Central United Methodist Church

Pastor David L. Haley


Matthew 5: 1 – 12

January 30, 2011

“When Jesus saw the crowds, he went up the mountain; and after he sat down, his disciples came to him. Then he began to speak, and taught them, saying:

“Blessed are the poor in spirit, for theirs is the kingdom of heaven.

“Blessed are those who mourn, for they will be comforted.

“Blessed are the meek, for they will inherit the earth.

“Blessed are those who hunger and thirst for righteousness, for they will be filled.

“Blessed are the merciful, for they will receive mercy.

“Blessed are the pure in heart, for they will see God.

“Blessed are the peacemakers, for they will be called children of God.

“Blessed are those who are persecuted for righteousness’ sake,

for theirs is the kingdom of heaven.

“Blessed are you when people revile you and persecute you and utter all kinds of evil against you falsely on my account. Rejoice and be glad, for your reward is great in heaven, for in the same way they persecuted the prophets who were before you.”

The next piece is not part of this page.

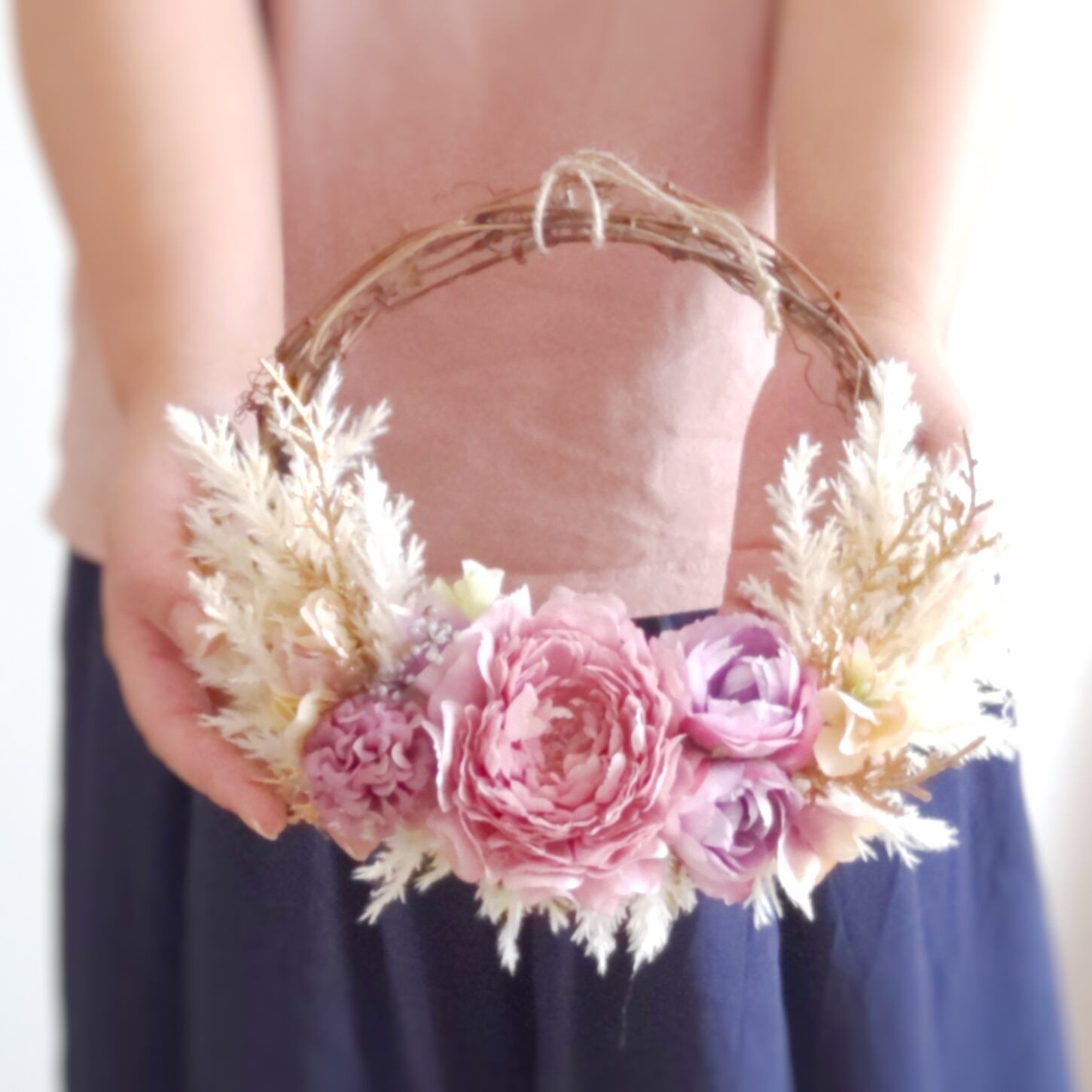 ピンク×ホワイトの秋冬リース

– Matthew 5: 1 – 12, New Revised Standard Version

       One of the things I like about international travel is that it allows us to experience a culture different than our own.  Out of that experience, it allows us to envision how our world might be different, by living differently.

        For example, even when I visit Paris, I am reminded that while the French are like us in many ways, in other ways they are not. Take, for example, the concept of body space, especially while eating.

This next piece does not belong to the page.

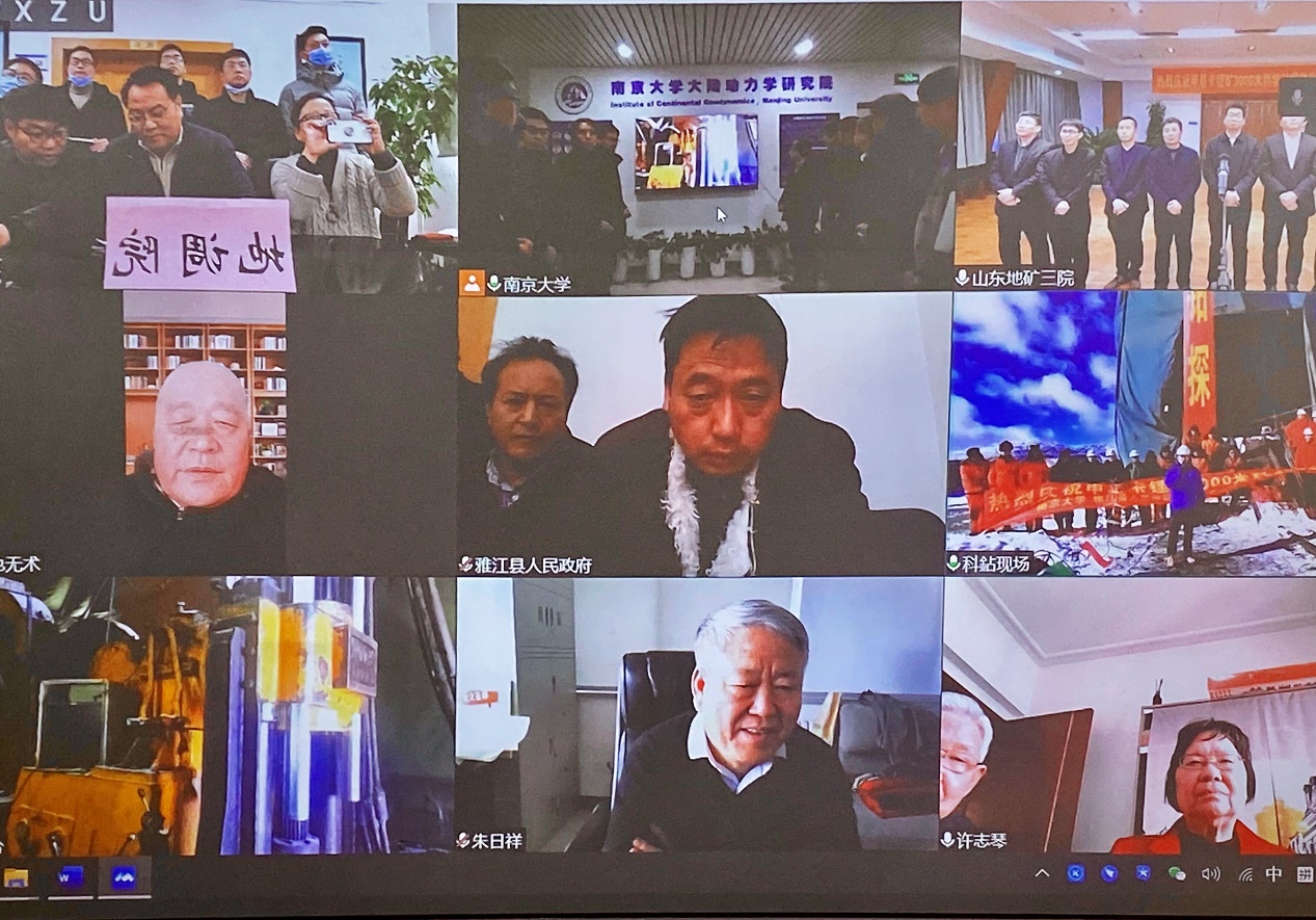 受新冠疫情影响,竣工典礼以在线方式举行。庆典当天邀请到了中国科学院地质与地球物理研究所朱日祥院士、bw必威西汉姆联官网王德滋院士和杨经绥院士三位嘉宾,以及有关单位在线参加,包括bw必威西汉姆联官网、甘孜州自然资源和规划局、雅江县人民政府、四川省地质调查院、山东第三地质矿产勘查院和中国地质大学(武汉)等。典礼由科钻现场负责的李广伟教授主持。首先,项目首席科学家许志琴院士宣布:“bw必威西汉姆联官网领衔的川西甲基卡锂矿科学钻探工程,终于实现钻探目标,钻进3211.21米,揭示了理想的锂矿岩心剖面,为实现国家新能源锂矿战略做出了贡献。现在我代表科钻指挥部宣布:川西甲基卡锂矿科学钻探正式完钻!”顷刻,甲基卡科钻现场礼炮轰鸣,场内外一片欢腾。接着,三位嘉宾朱日祥院士、王德滋院士和杨经绥院士发表热情洋溢的致辞,祝贺甲基卡科学钻探工程圆满竣工。三位院士充分肯定了钻探的重要科学意义,以及它对国家能源战略发展的重要贡献,并预祝钻探取得丰硕的科研成果。随后,bw必威西汉姆联官网地球动力学研究院经理朱文斌教授、四川省甘孜州雅江县陈玉龙县长、四川省地质调查研究院赵春经理、山东省第三地质矿床勘察研究院吉孟瑞经理,代表钻探三方单位和钻井所在地政府发言,祝贺钻探任务圆满完成。竣工仪式在一片欢欣雀跃的气氛中结束。

        At our first lunch there, we went to a small café next to our hotel. There were five of us, and there was a table for seven, except that two young women were already sitting there. In Paris, no problem. We were seated with them, so close I could have put my arm around the young woman next to me, except that Michele wouldn’t let me do that. All my body space alarms were going off, but for the young women, it was no problem.

        Welcome to France, where they do things differently. That is, after all, why we travel, to experience life differently; which then allows us to envision living differently than the way we live.

        Today, in the Sermon on the Mount, Jesus invites us to do something similar; he asks us to envision a world – God’s world – where we live and treat each other differently. In Jesus’ Sermon on the Mount in Matthew, Jesus helps us envision a community, practices, and a way of life that embody God’s saving presence, the kingdom of God manifested on earth.

        Sadly, though it is one of the most famous and most important of Jesus’ teachings, in a survey taken several years ago, less than half of American Christians were able to identify Jesus as the preacher of the Sermon on the Mount. (No, it was not Billy Graham.) It’s kind of like, “Who’s buried in Grant’s Tomb?”  Who preached the Sermon on the Mount?  Jesus!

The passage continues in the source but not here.